Gaspard Koenig, philosophe et président du think tank Generation Libre, écrit dans les Echos le 7 février : « Au-delà d’une saine réaction populaire contre la licence politicienne, les événements roumains participent à l’émergence d’une nouvelle conception du politique. » Ce qui semble notable : les révoltes sont spontanées et articulées autour de causes uniques, au-delà du colorature politique visant les valeurs fondamentales de la démocratie. Impossible d’identifier un leader dans la foule ; même s’il y a des groupes qui organisent ; monitorisent ; débâtent. Les réseaux sociaux et les smartphones tissent un rhizome imprévisible et éphémère de connexion, conscientisation, convergence.
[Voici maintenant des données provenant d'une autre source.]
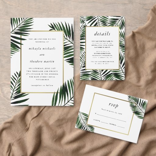Palma simples e chica deixa o cartão de resposta do casamento. Veja esta coleção para coordenar itens de casamento.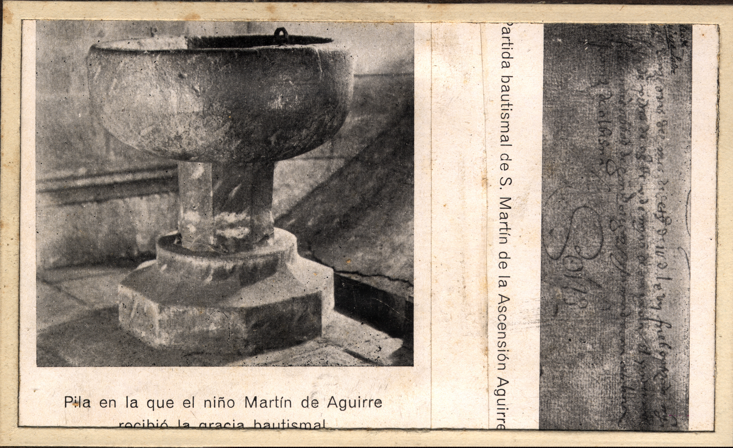 Imagen extraída de los libros de bautizos de la parroquia de San Pedro, en la que aparece el membrete de San Martín de Aguirre y la imagen de la pila bautismal de la parroquia de San Pedro utilizada para bautizar a San Martín. | "Pila en la que el niño Martín de Aguirre recibió la gracia bautismal" "Partida bautismal de S. Martín de la Ascensión Aguirre" |

Au-delà de l’enthousiasme, en faisant un raccourci régional, on se rend compte qu’il nous reste le challenge de la durée, de l’endurance et d’une approche efficace, systématique et versatile : les Polonais ont manifestés en 2016 – pacifiquement- contre les dérapages constitutionnels du parti au pouvoir ; et leur cas est toujours ouvert, in process et exposé dans des tribunaux internationaux. Des manifestations pacifiques Ukrainiennes se sont élevées contre la corruption au début de Maidan, et puis le pays s’est écroulé dans des confrontations sanglantes.
Certes, on est plus équipés que jamais pour résister efficacement à l’injustice en utilisant la résistance civile, mais aboutissons nous? Erica Chenoweth, co-auteur de Pourquoi la résistance civile réussit : la logique stratégique du conflit non violent aujourd’hui (Why Civil Resistance Works: The Strategic Logic of Nonviolent Conflict Today), note dans Guardian : les études suggèrent qu’il faut 3,5% d’une population engagée dans une résistance non violente soutenue pour renverser des dictatures brutales, note l’auteur.
Aujourd’hui, ceux qui cherchent des connaissances sur la théorie et la pratique de la résistance civile peuvent trouver plein d’informations à portée de main. Dans pratiquement n’importe quelle langue, on peut trouver des manuels de formation, des outils de création de stratégies, des guides de facilitation et des documents sur les réussites et les erreurs des campagnes passées non violentes.
Mais, la résistance non violente ne se produit pas du jour au lendemain ou automatiquement. Elle exige un public informé et préparé, intéressé par la stratégie et la dynamique de son pouvoir politique, souligne t- on dans le même article.
Bien que les campagnes non violentes commencent souvent par un noyau engagé et expérimenté, les réussites élargissent la diversité des participants, maintiennent une discipline non violente et élargissent les types d’actions utilisées. C’est à ce point que le moment de recul et réflexion devient stratégique. Comment projeter l’enthousiasme ad hoc du moment dans une stratégie durable, du développement de la démocratie ?
Les données historiques montrent que lorsque les campagnes sont capables de se préparer, de s’entraîner et de rester résilientes, elles réussissent souvent indépendamment du fait que le gouvernement utilise la violence ou l’injustice contre elles.
Il semble évident que la qualité d’une démocratie est influencée par la pro activité, et l’investissement de sa société civile. La société civile doit être partie prenante dans le processus de développement démocratique. Y compris créer les mécanismes pour s’engager dans un dialogue constructif avec le pouvoir. A nous de traduire l’espoir en action et l’enthousiasme en faits démocratiques. C’est un pari à long terme.